Monthly Archives: November 2011

If You Didn’t Think I Was Pretentious Enough – XIII

Something else from the vaults as long as I’m dusting off relics, that most angst-ridden of expressions, the poem/song. Also, if you ever needed proof that I am a truly irredeemable nerd you need seek no further.
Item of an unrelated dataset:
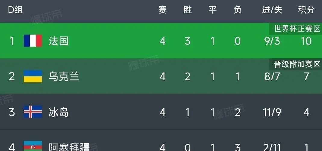 - D组:法国与冰岛同积10分,但以净胜球优势领先对手。

To these ends I give you the following.

XIII

For summers of steel, and winters lean
I fought for Caesar, and the bloody thirteen
Across the land, through storm and sand
Graves unmarked, but our hearts in Rome
I fought in Asia, and I fought in Gaul
Goths and Celts, I’ve fought them all
Franks and Vandals, beneath my sandals
Now the war is over, but I can’t go home!

Jupiter Optimus and blood-stained Mars
The honor is yours and the glory is ours
Never a doubt that I would do it again
But glory alone doesn’t feed my kin

I was promised a farm, with rich black earth
A free man’s dream, the harvest and hearth
I lost my hand, to a Parthian sword
But then all I got, was a kindly word
I did my tour, put in my time
Too many o’my brothers, heard Elysium’s chime
I honored the standard, I held the line
Now all I want, is what they said was mine!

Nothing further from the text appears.